# [WHAT TO DO]
For the data below, give again exactly the lines from the one containing "Selger en mørkeblå" through the one containing "Verbatim® Cordless Deluxe", both ends included, and no others.

# [THE DATA]
▼▼▼

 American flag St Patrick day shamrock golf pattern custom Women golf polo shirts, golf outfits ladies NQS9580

▲▲▲
▼▼▼

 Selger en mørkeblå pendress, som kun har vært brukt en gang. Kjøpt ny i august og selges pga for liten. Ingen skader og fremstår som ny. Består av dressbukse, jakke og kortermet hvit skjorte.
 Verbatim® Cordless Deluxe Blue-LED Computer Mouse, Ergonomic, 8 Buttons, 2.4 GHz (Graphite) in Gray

▲▲▲
▼▼▼

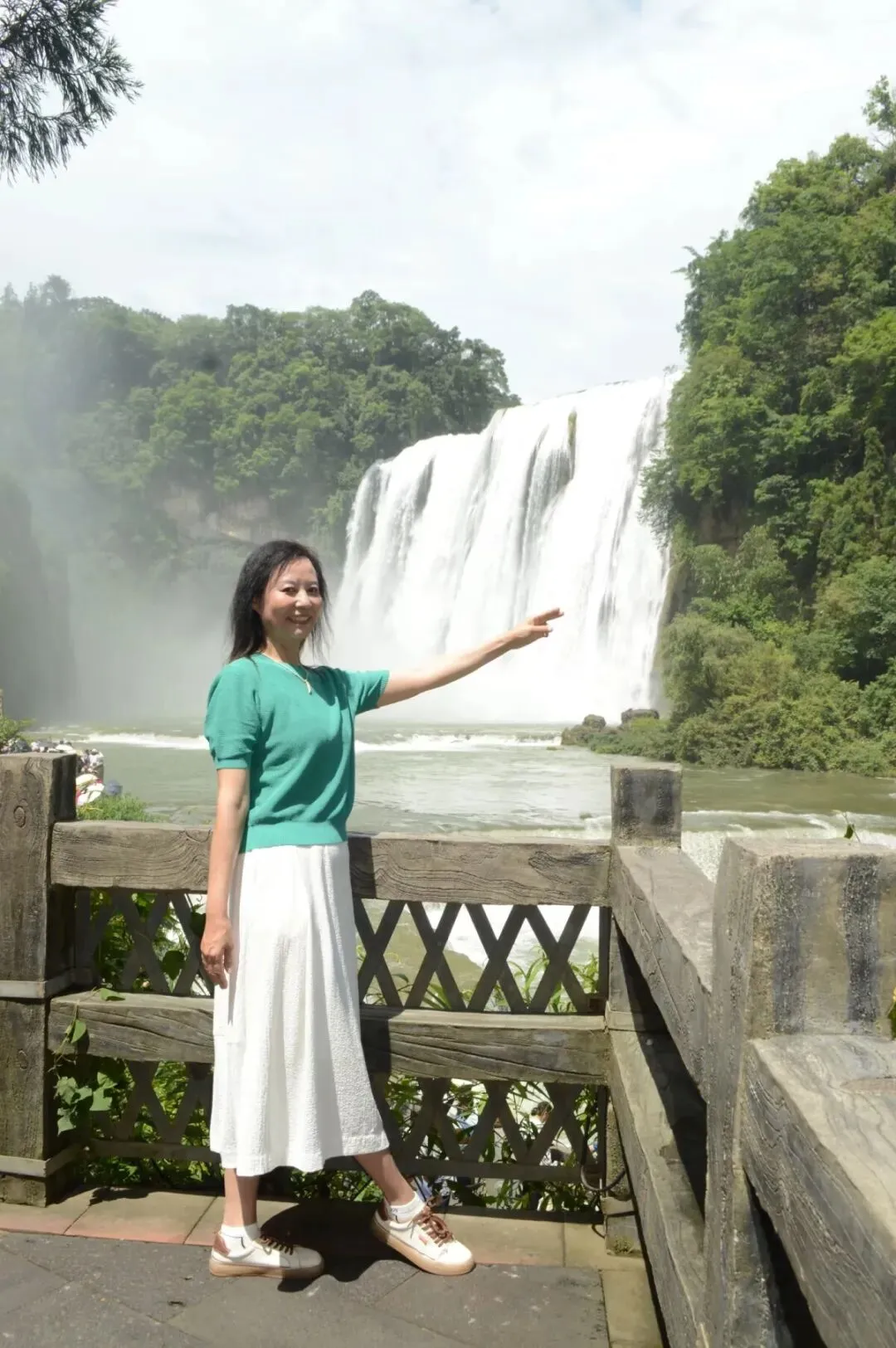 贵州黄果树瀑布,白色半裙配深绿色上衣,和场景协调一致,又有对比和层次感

▲▲▲

# [ANSWER TO THE PROBLEM]
 Selger en mørkeblå pendress, som kun har vært brukt en gang. Kjøpt ny i august og selges pga for liten. Ingen skader og fremstår som ny. Består av dressbukse, jakke og kortermet hvit skjorte.
 Verbatim® Cordless Deluxe Blue-LED Computer Mouse, Ergonomic, 8 Buttons, 2.4 GHz (Graphite) in Gray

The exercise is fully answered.